The Old Testament stories of God and Moses freeing a captive and enslaved race resonated with the slaves. The New Testament stories of Jesus and promises of glory in heaven and a far better after-life allowed slaves to forge through the turmoil of mortal life and look forward to the day when they would return home to the Lord. They fully embraced Christianity and death, for slaves, was viewed as freedom. Their death rituals were jubilant and it became one of the earliest forms of African American culture.

At the beginning of the twentieth century there were few, if any black-owned or black-managed funeral homes. Survivors of deceased blacks were forced to depend on white funeral homes for embalming if they would even agree to service them. Jim Crow laws and white bias required blacks to enter these white funeral homes through back doors and basements, a degrading experience that added to the tragedy of losing a loved one.

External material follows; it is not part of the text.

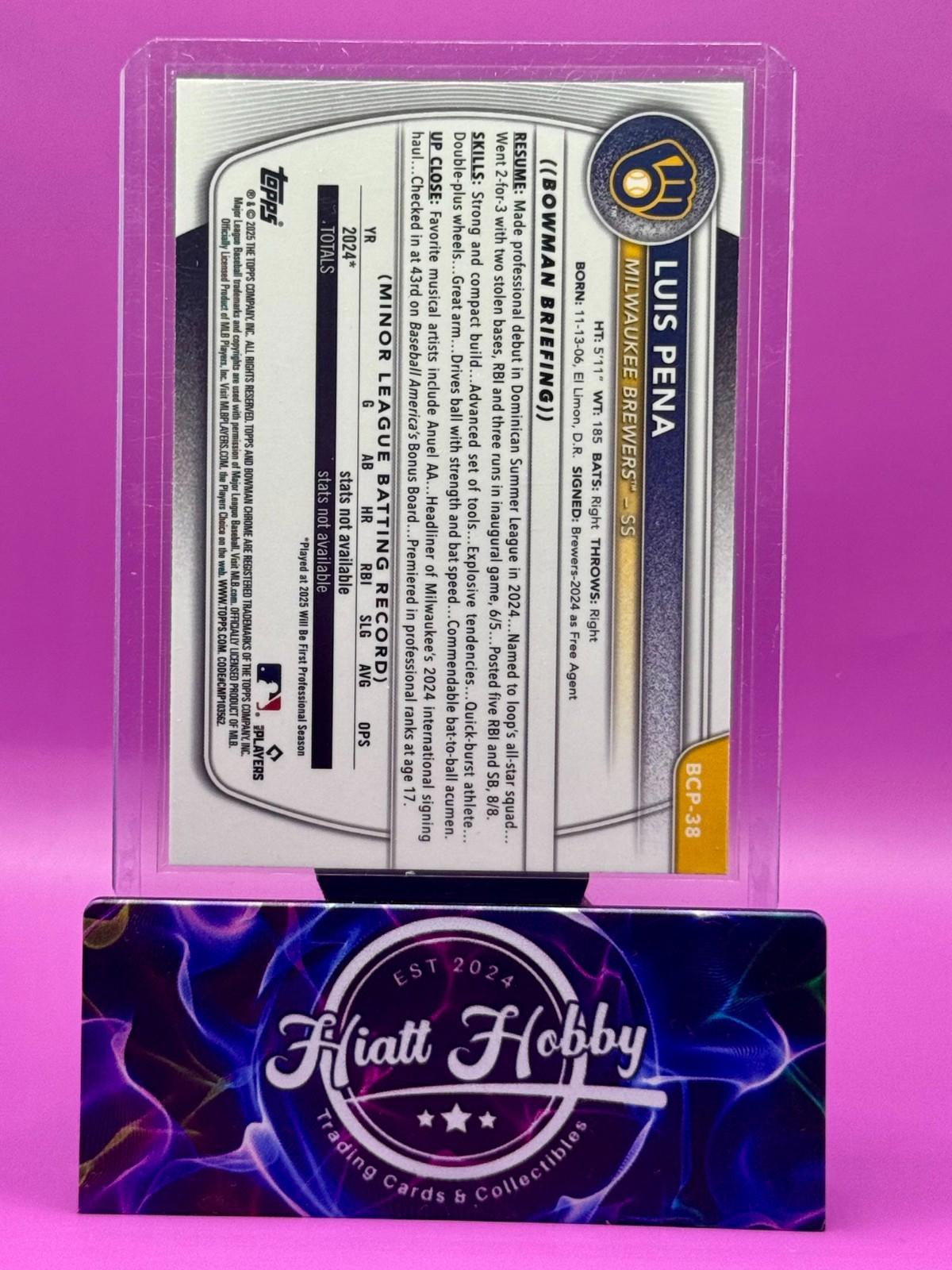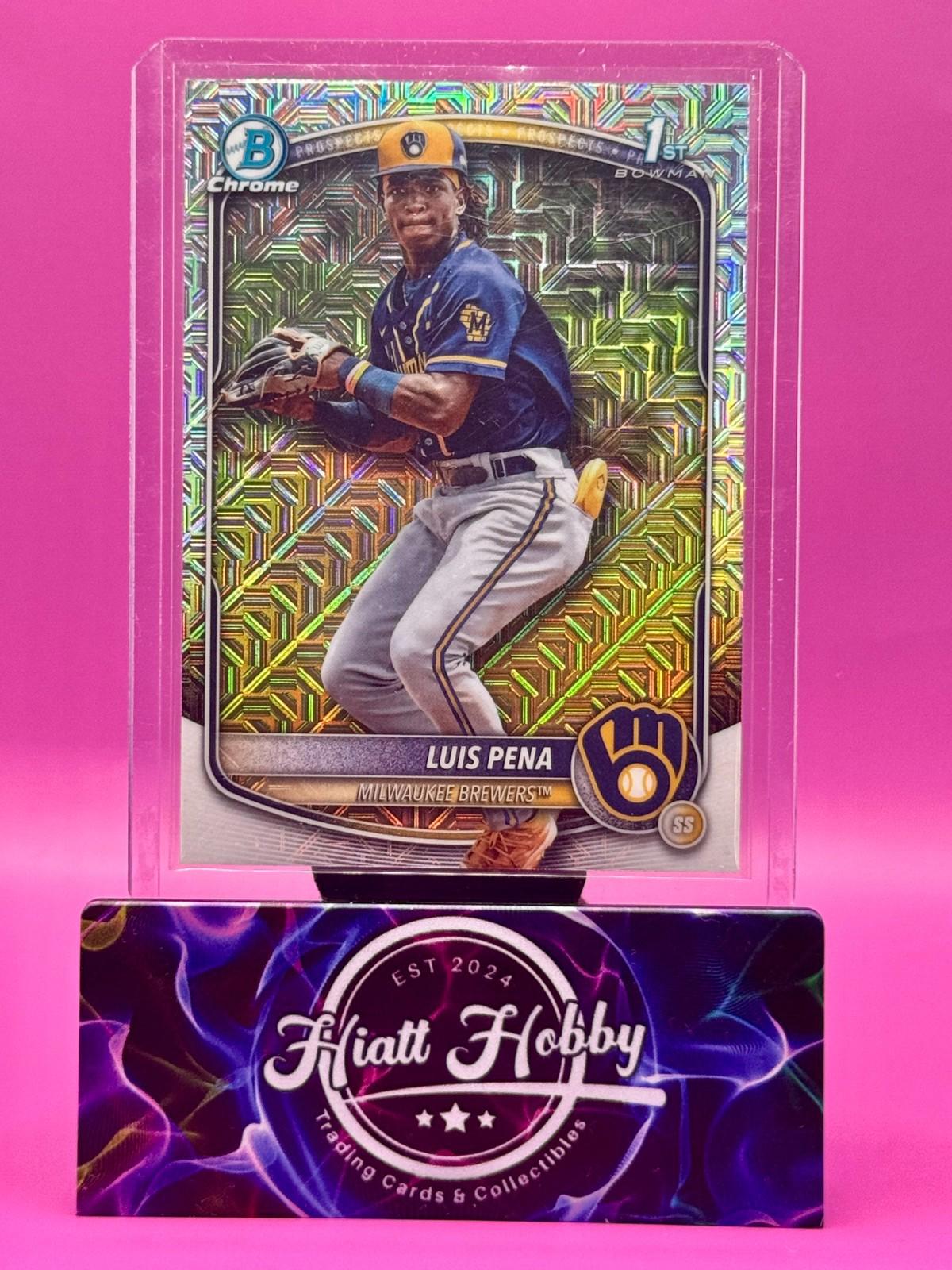 The 2025 Bowman Chrome Luis Pena #BCP-38 Mojo Refractor is a baseball sports trading card featuring the standout player from the Milwaukee Brewers team. This original English language card manufactured by Topps is part of the Chrome Prospects insert set, perfect for collectors looking to add a unique and sought-after piece to their collection. The card's design, featuring a Mojo Refractor parallel variety, adds an extra element of interest for fans of the MLB World Series and rookie players like Luis Pena.

Although the embalming was mostly done by white funeral homes, the homegoing service took place in the black Christian church. The churches began forming burial societies to collect money for funerals. Black businessmen who opened funeral homes during the early-to-mid-twentieth century saw not only a business opportunity, but a way to help the community. Funeral parlors were among some of the first black-owned businesses and the black funeral director was a trusted friend and neighbor in the community. The tradition of the black community funeral director and the support of the black Christian church exists in many black communities today, though the rise of funeral parlor chains poses a threat to the uniqueness of homegoing traditions in the early twenty-first century.

Homegoing services
The funeral portion of a homegoing service follows many of the same practices as any other Christian funeral service. There are pall bearers and flowers and the service is typically held in a church. Because African-American Christians believe death marks the return to the Lord and an end to the pain and suffering of mortal life, the homegoing service is an occasion marked by rejoicing because the deceased is going on to a better place.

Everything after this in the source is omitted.